══ Given data

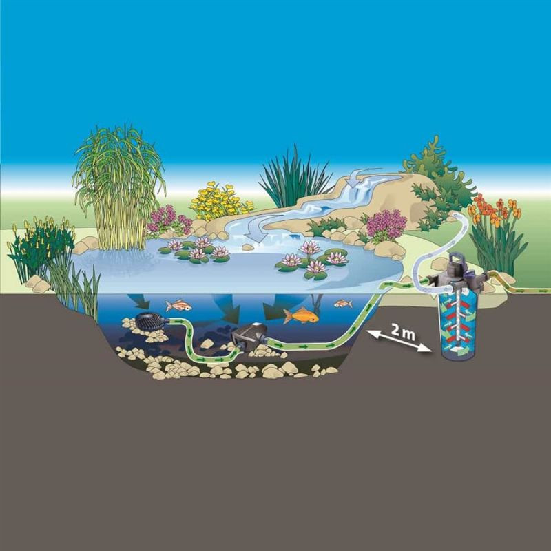 Sestava je ideální pro okrasná jezírka do 13 m³ a díky tlakovému principu umožňuje neviditelnou instalaci se schopností vytlačit vodu do výše položených potůčků.
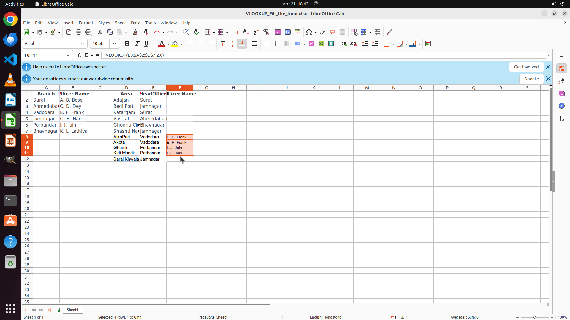 3. F8 成功显示 "E. F. Frank",这是正确的结果(Vadodara 对应的官员)
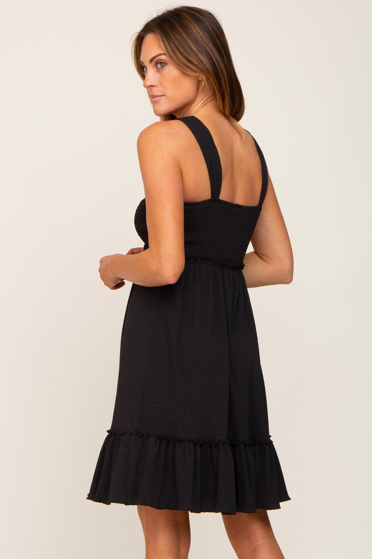 A sold crepe textured dress. Features a smocked top, and gathered detailing at the waist and bottom hem.

════

**Your goal**
Before you return the listing exactly, strip out its pictures.

**Solved exercise**
 Sestava je ideální pro okrasná jezírka do 13 m³ a díky tlakovému principu umožňuje neviditelnou instalaci se schopností vytlačit vodu do výše položených potůčků.
 3. F8 成功显示 "E. F. Frank",这是正确的结果(Vadodara 对应的官员)
 A sold crepe textured dress. Features a smocked top, and gathered detailing at the waist and bottom hem.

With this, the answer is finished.